Лексей застыл в позе, сохраняя нейтралитет, готовый в следующий момент рассыпаться в любезностях или напротив хлопнуть дверью перед самым носом.
– Так я и знал, – произнес он. – Работу он принес. Добряка. Ты, парень, говори, да не заговаривайся.
– Я в порядке, – сказал Иван, скорее самому себе, так как картина нуждалась в реставрации – это место некогда было приятнейшим домом, стало похоже на сарай, где жило одно животное, похожее на человека. Отдаленно напоминающее.
– Вижу, что в порядке, – сказал он. – Прибарахлился. Я-то думал в помойке крыс дохлых гоняешь, раз на улице остался, а ты наоборот. В чем секрет, поделись? Может, и мне твоим путем пойти?
– Нет секрета, – ответил Иван. – Просто есть голова. Этого достаточно.
– Ну-ну, – скептически отнесся к этому старик, прищуриваясь – И что твоей просто голове понадобилось?
– То, что она не может, – серьезно произнес Иван. – Документы, а именно, паспорт, все как полагается и трудовая книжка. Стаж не менее пяти лет в театре, желательно директором. Наверное, все.
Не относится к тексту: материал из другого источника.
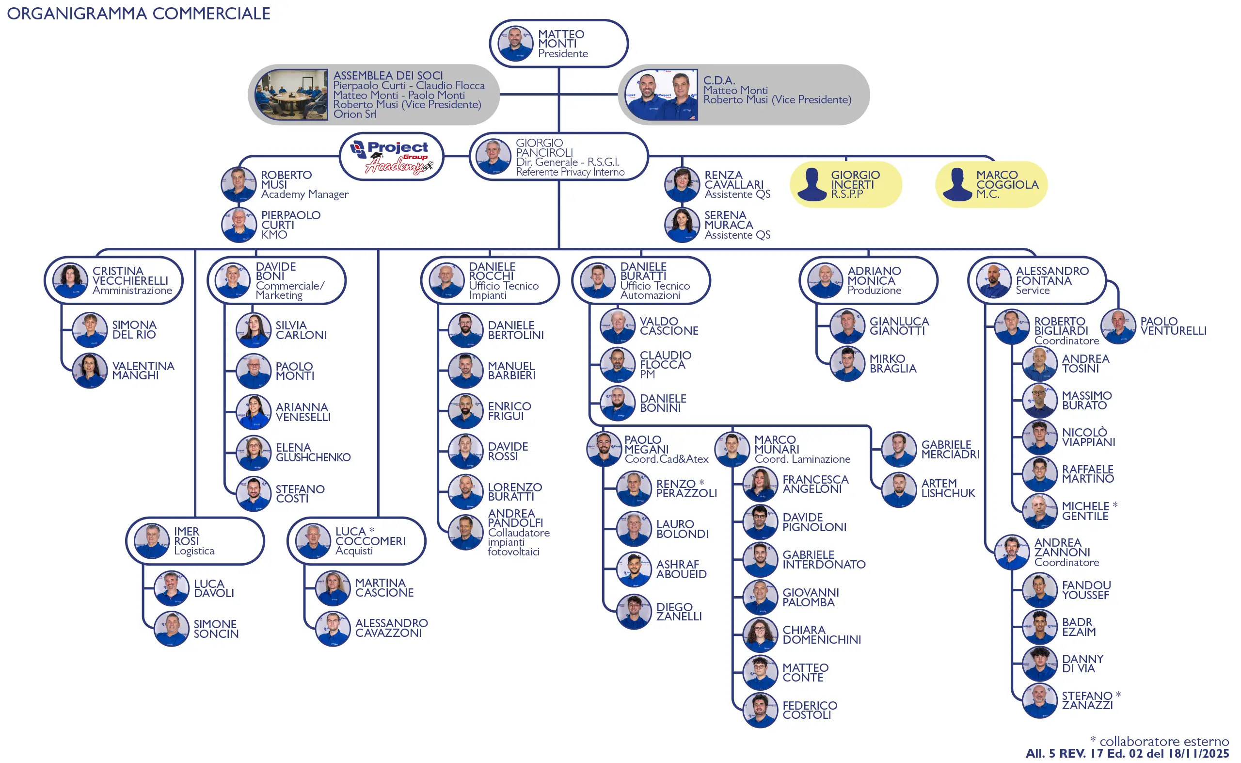 Nell’ambito del naturale passaggio Generazionale, Matteo Monti e Claudio Flocca, entrano a svolgere a pieno titolo, il ruolo di Soci della Project Group Srl.

Иван задумался о том, что еще нужно приплюсовать, но так и не вспомнил. Он знал, что Лексей, которому перевалило за пятый десяток, в столице знает всех и каждого. Пусть от него отвернулись работодатели (кроме некоторых театров), но другой мир – мир жульничества, сомнительного промысла был всегда открыт для него. Здесь у него был Клондайк. Можно было все купить, продать, наказать человека. Только Лексей не имел высокого рейтинга. Контакты пылились в записной книжке, и редко пользовались. Если, конечно, кто-нибудь из своих не попросит…
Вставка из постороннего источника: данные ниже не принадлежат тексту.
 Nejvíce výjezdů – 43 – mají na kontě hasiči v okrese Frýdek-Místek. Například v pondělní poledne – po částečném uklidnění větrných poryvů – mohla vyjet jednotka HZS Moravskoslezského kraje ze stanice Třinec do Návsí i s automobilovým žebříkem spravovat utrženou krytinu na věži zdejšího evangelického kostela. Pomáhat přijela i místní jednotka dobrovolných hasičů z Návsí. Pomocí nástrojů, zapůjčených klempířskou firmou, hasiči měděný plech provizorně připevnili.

– Вот замахнулся, – присвистнул Лексей. – А это, позвольте спросить, все? Может, и трусы свои с инициалами подарить? А то я могу.
– Нет, – улыбнулся Иван. – Это можете оставить себе.
– А вдруг, – сказал сосед. – А то жил просто, питался дешевой соевой тушенкой и копеечными макаронами, с завистью смотрел на котлеты на сковороде, прошло немного времени и ты франт. Хочешь поменять имя, изменить историю. Стать другим человеком. Вычеркнуть свою прошлую жизнь, нашпиговать ее новыми фактами.
– Так поможешь? – спосил Иван. – У тебя же есть знакомые.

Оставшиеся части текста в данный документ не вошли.